## What you are asked to do
Quote all of the data that follows exactly as written, skipping the images.

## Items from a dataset
--- START ---
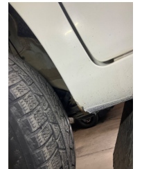
Çamurluk, sol, Çamurluk, sol > Boyası Atmış
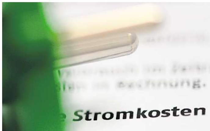
In Deutschland waren im vergangenen Jahr 4,2 Millionen Menschen bei der Zahlung ihrer Strom- und Gasrechnung in Verzug.
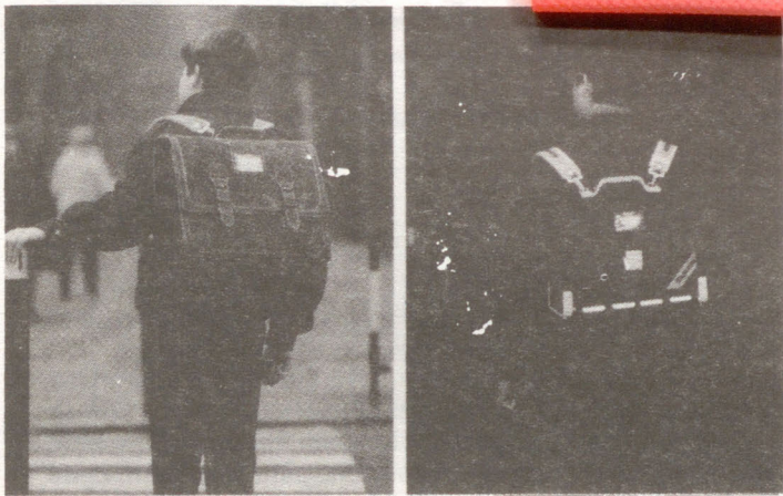
Éléments réfléchissants apposés sur les cartables de la ligne « ANTHÉTIQUE » DE TANN'S

A la prochaine rentrée scolaire, en septembre 1990, les Ministres de l'Éducation Nationale et des Transports lanceront une campagne de sécurité routière dans les écoles primaires : « découvrons ensemble le chemin de l'école ». Une circulaire officielle présentant cette opération paraîtra en mai 1990. Cette campagne sera lancée au cours de la semaine du 1 er au 6 octobre 1990.
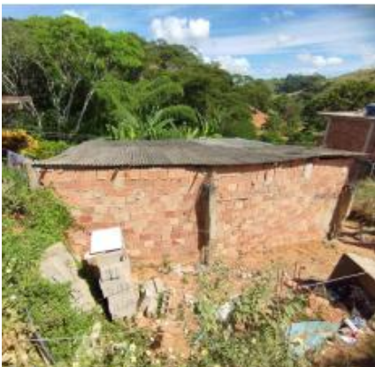
Figura - 01
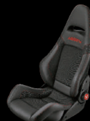
829 ブラック レザー/アルカンターラ (Sabelt)
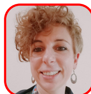
VILLA VALENTINA Fisioterapista Riab. Neuromotoria
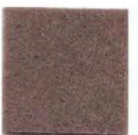
Tuscan brown 20
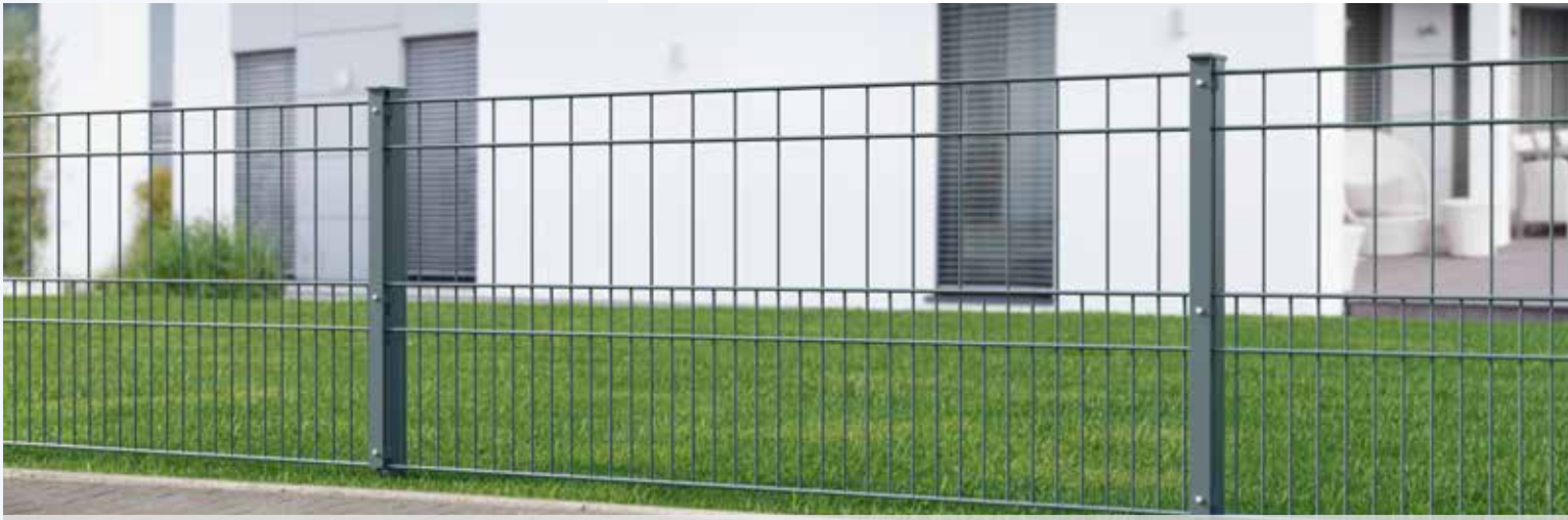
Das Modell MILO fällt durch die verschiedenen Maschenweiten optisch besonders auf
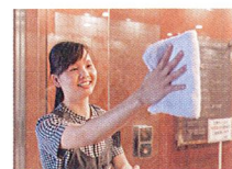
P34 特集2 「外国人技能実習生の“いま”」
--- END ---
## Written solution
Çamurluk, sol, Çamurluk, sol > Boyası Atmış
In Deutschland waren im vergangenen Jahr 4,2 Millionen Menschen bei der Zahlung ihrer Strom- und Gasrechnung in Verzug.
Éléments réfléchissants apposés sur les cartables de la ligne « ANTHÉTIQUE » DE TANN'S

A la prochaine rentrée scolaire, en septembre 1990, les Ministres de l'Éducation Nationale et des Transports lanceront une campagne de sécurité routière dans les écoles primaires : « découvrons ensemble le chemin de l'école ». Une circulaire officielle présentant cette opération paraîtra en mai 1990. Cette campagne sera lancée au cours de la semaine du 1 er au 6 octobre 1990.
Figura - 01
829 ブラック レザー/アルカンターラ (Sabelt)
VILLA VALENTINA Fisioterapista Riab. Neuromotoria
Tuscan brown 20
Das Modell MILO fällt durch die verschiedenen Maschenweiten optisch besonders auf
P34 特集2 「外国人技能実習生の“いま”」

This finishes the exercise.